_DATA EXCERPT_:

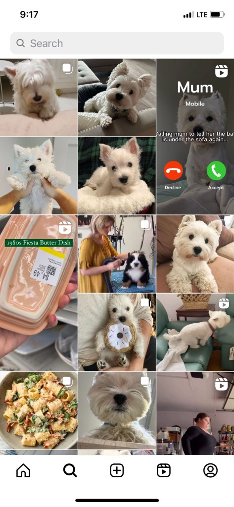 Social Media – Instagram – my feed is dogs (mostly Westies and Bernese Mountain dogs), artists—from ballet dancers to authors to musicians, chefs, and clothes designers, thrift shop finds, DIY furniture makeovers, self-defense videos and tips which I send to my daughter (I’m sure they are received with much eye-rolling but a mom’s got to do…). No politics allowed! Below is a photo of what my Instagram search page looks like when I open it.
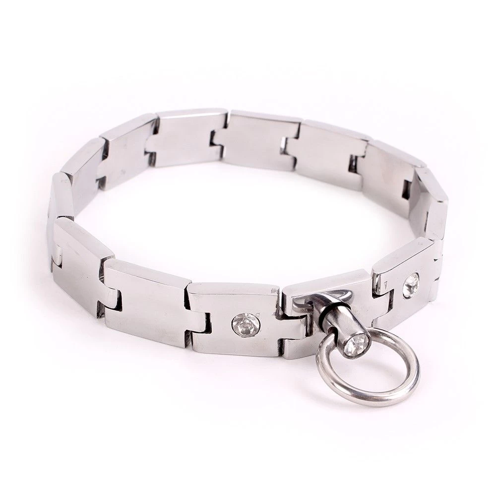 Laat zien dat je onderdanig bent met deze schitterende halsband om je nek heen. De halsband is voorzien van schitterende diamantjes aan de voorkant en de d-ring aan de voorkant zorgt voor een onderdanige look. Laat je aanlijnen en voel hoe er aan je halsband wordt getrokken door je meester. Hij is los en vast te zetten met een inbussleutel die meegeleverd wordt.
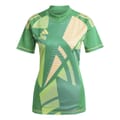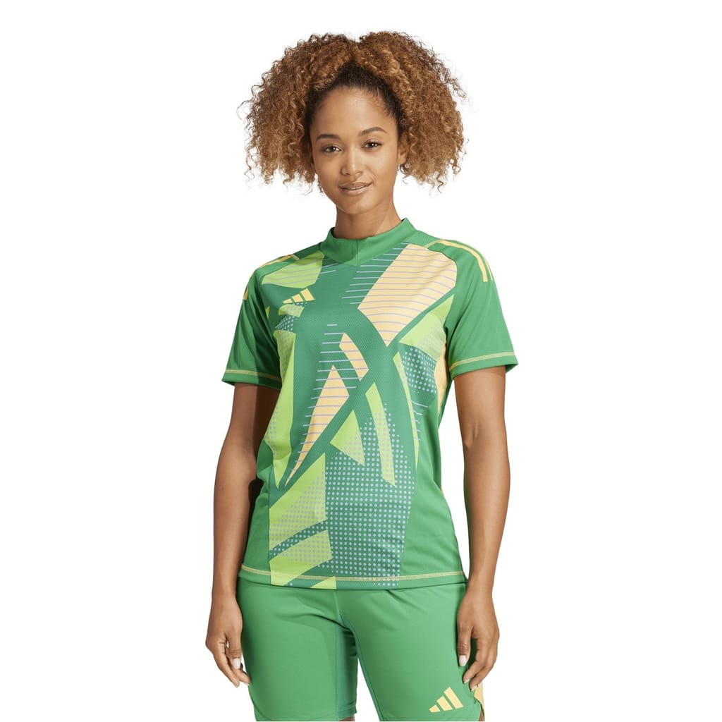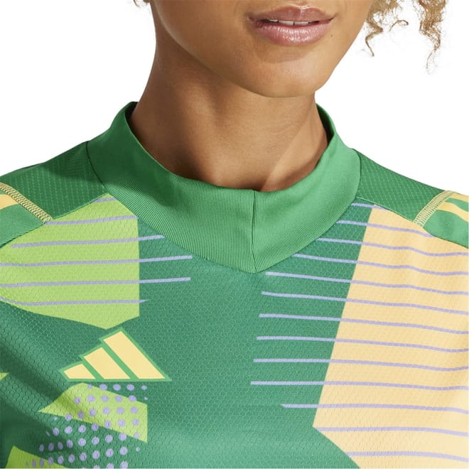 This adidas top features a mock neck and short raglan sleeves, offering a regular fit. The graphic print with an abstract pattern adds a stylish touch, while the band collar enhances its modern appeal. Perfect for those seeking a blend of comfort and contemporary design. -

_YOUR OBJECTIVE_: Without including any picture, reproduce the material above word for word.

_RESPONSE BOX_:
 Social Media – Instagram – my feed is dogs (mostly Westies and Bernese Mountain dogs), artists—from ballet dancers to authors to musicians, chefs, and clothes designers, thrift shop finds, DIY furniture makeovers, self-defense videos and tips which I send to my daughter (I’m sure they are received with much eye-rolling but a mom’s got to do…). No politics allowed! Below is a photo of what my Instagram search page looks like when I open it.
 Laat zien dat je onderdanig bent met deze schitterende halsband om je nek heen. De halsband is voorzien van schitterende diamantjes aan de voorkant en de d-ring aan de voorkant zorgt voor een onderdanige look. Laat je aanlijnen en voel hoe er aan je halsband wordt getrokken door je meester. Hij is los en vast te zetten met een inbussleutel die meegeleverd wordt.
 This adidas top features a mock neck and short raglan sleeves, offering a regular fit. The graphic print with an abstract pattern adds a stylish touch, while the band collar enhances its modern appeal. Perfect for those seeking a blend of comfort and contemporary design. -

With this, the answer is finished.